I used to cook on an OK joe.  When starting the initial fire I use coal and wood splits mixture.  I surround the coal with wood and also lay some across the top.  Kind of like building a log cabin over your coals.  Leave everything open.  Firebox door and cook chamber door.  Once you have a really nice fire going and a bed of coals started I toss in another split and close all doors.  Open damper on the fire box door wide open and start closing it down until you get close to the temp you want.  From there you should be adding another split anywhere from every 30 to an hr depending on outside temp.  Never let your coals die out in your firebox,  When I notice a temp drop I will open fire box door and take a new split and move the coals around to stoke them and lay split right on top.  If i notice the coals have almost burned up I will put two splits in to help build that back up.  Again,The key is to not let your coals burn out ,   Do you have a thermometer besides the one on the grill.  Cooking on a stick burner requires and additional therm inside the cook chamber.  You find that there are different temps all over the inside of your cook chamber.


----------



## Mark Adams (May 29, 2018)

That sounds like a good idea, I’ll try that next time I cook.

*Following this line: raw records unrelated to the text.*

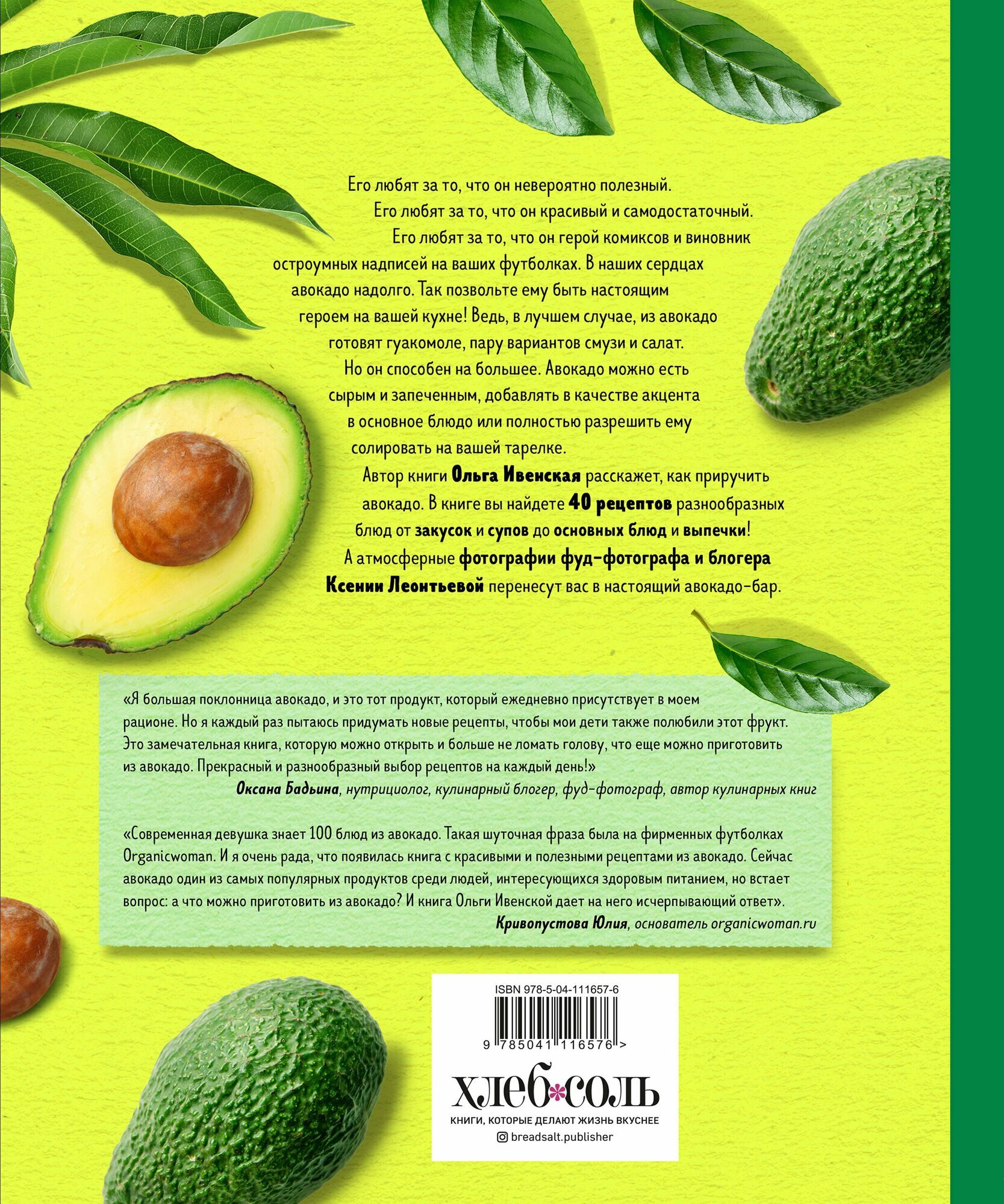Сколько блюд из авокадо можно приготовить? Его можно есть ложкой, скажете вы, приготовить гуакомоле и добавить в салат. И все? На самом деле нет. Авокадо может стать настоящим героем на вашей кухне и Ольга Ивенская расскажет вам как. Суфле, холодный суп-пюре, чили кон карне, паста, бургеры и даже чизкейк можно приготовить с авокадо! Его можно есть сырым и запеченным, добавлять в качестве акцента в основное блюдо или полностью разрешить ему солировать на вашей тарелке. В книге вы найдете 40 рецептов разнообразных блюд от закусок и супов до основных блюд и выпечки! А атмосферные фотографии фуд-фотографа и блогера Ксении Леонтьевой перенесут вас в настоящий авокадо-бар.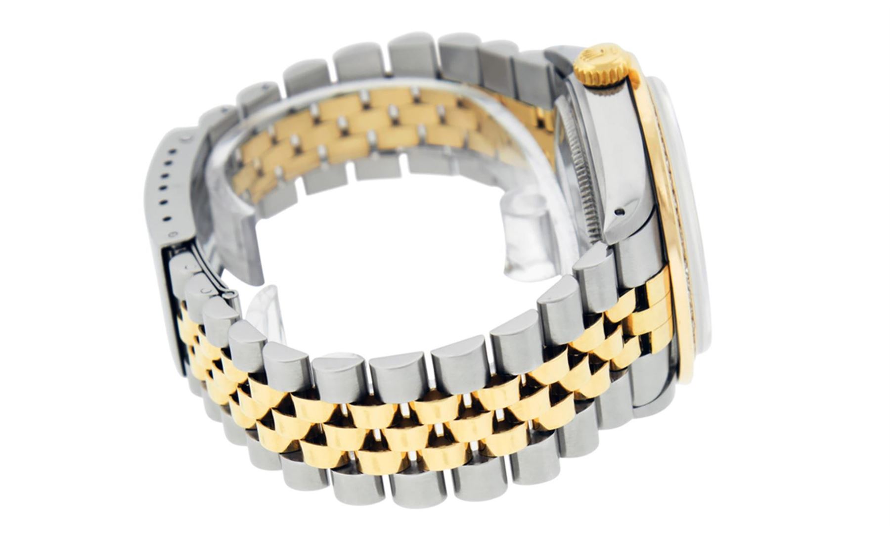 One Mens Rolex Datejust Polished Bright with Satin Finish, Serviced & Electronically Tested, 14K Yellow Gold And Stainless Steel Case:36mm, Yellow Gold Crown, Custom Bezel: 14K Yellow Gold Princess Cut Diamond Bezel, Diamond Count: 53 Diamonds, Total Weight 2.75 Carat, Clarity: SI-VS, Color: G to H. Custom Crystal: Synthetic Sapphire Cyclops Lens. Movement: Automatic Winding Movement Caliber 3035. Custom Dial: Green String Diamond Dial, Diamond Count: 58 Diamond in Dial, Dial Color: G To H In Color, Clarity: VS2-SI1. Date Window: 3 O'Clock Position Date Display, Quickset, Model: 16013 Condition: G-6 Extra Fine. Bracelet: 14K Yellow Gold And Stainless Steel Jubilee. Bright Polish & Satin Finish. 7.0 Inch Length, Adjustable. Standard Clasp, With Rolex Logo. This Watch Has Been Serviced and Polished And It Is Free Of All Dents And Scratches And Has Been Time Tested.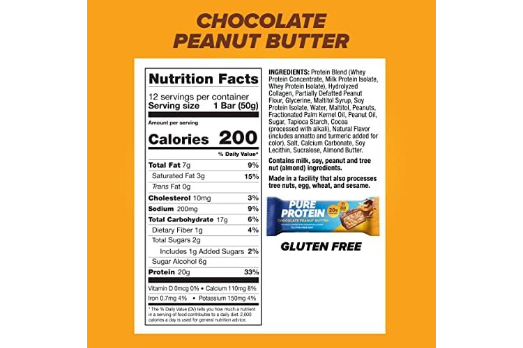 DELICIOUS HIGH PROTEIN BAR: Pure Protein Chocolate Peanut Butter Bars are full of flavor and contain 20g of protein for lasting energy. Each delicious bar is gluten free with high-quality protein that helps build lean muscle and strength.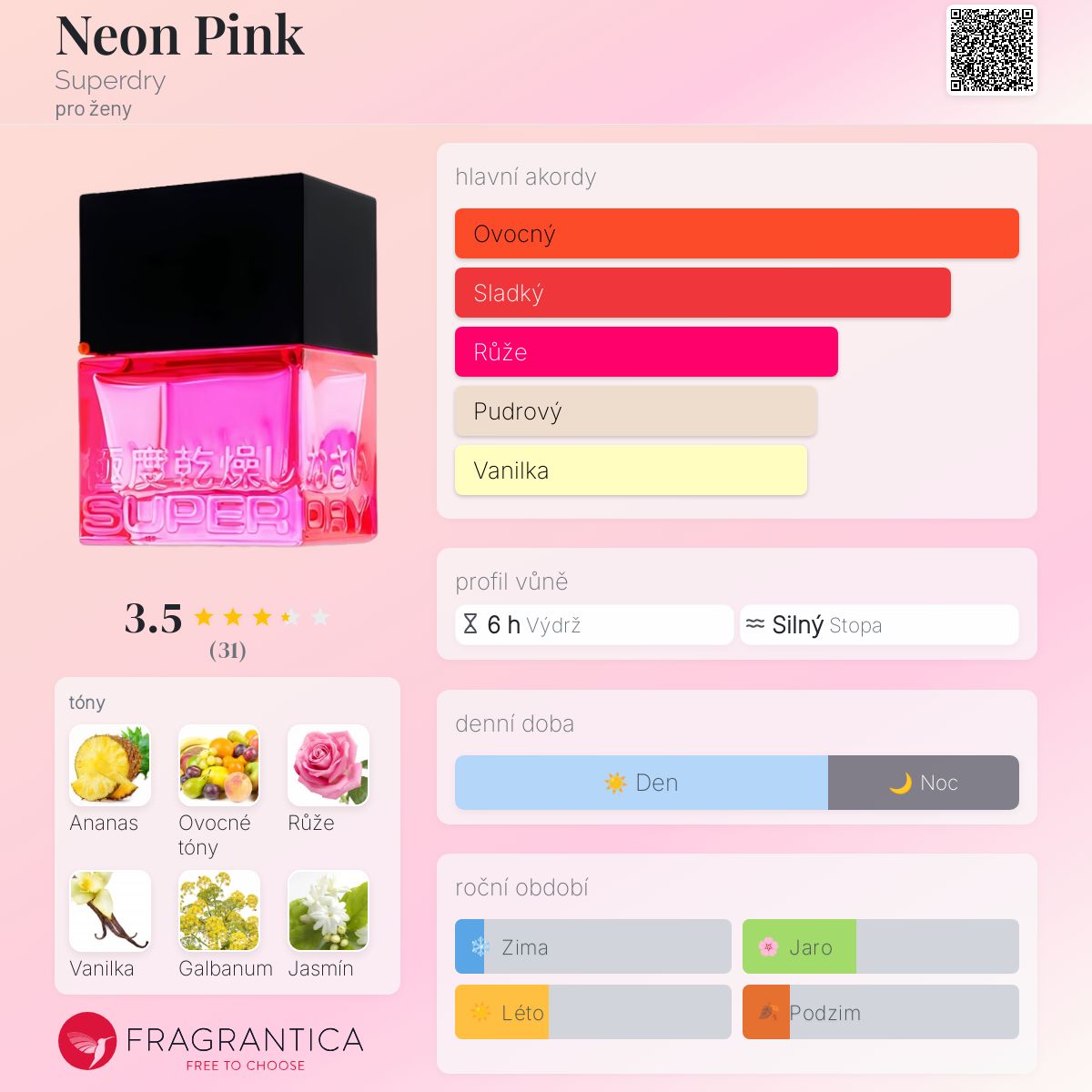 Neon Pink podle Superdry je Orientální Floral vůně pro ženy. Neon Pink byl/a uveden/a v roce 2013. Vrchní tóny jsou Ananas, Galbanum a Bergamot; střední tóny jsouOvocné tóny, Růže a Jasmín ; základní tóny jsou Vanilka, Pižmo a Santalové dřevo.

I have 4 thermometers on the cook chamber, one in each of the holes that came with the cooker and a double probe wireless thermometer at grate level on each end so the temp never gets too low while I’m away from it.


----------



## bluewhisper (May 29, 2018)

My offset always runs with the exhaust wide open, and normally runs with the firebox door closed and intake about 2/3 open, depending on conditions and fuel.

Good point about keeping a coal bed alive, else you have to start a fire all over.


----------



## Smoke23 (May 29, 2018)

Briquettes will burn longer than lump.


----------



## Northshore Smoke (May 31, 2018)

When I used my Oklahoma Joe offset, the briquets were just for getting the fire going.  After that I used either pecan or red oak splits.  Once the wood was burning good, the doors were closed, the firebox vent was always wide open, and I controlled the temperature from the exhaust vent.  It used a lot of wood.  The Bandera, while still an offset, is much more efficient with the splits.  It uses less than half the wood that the Texas style smoker used to do the same thing.


----------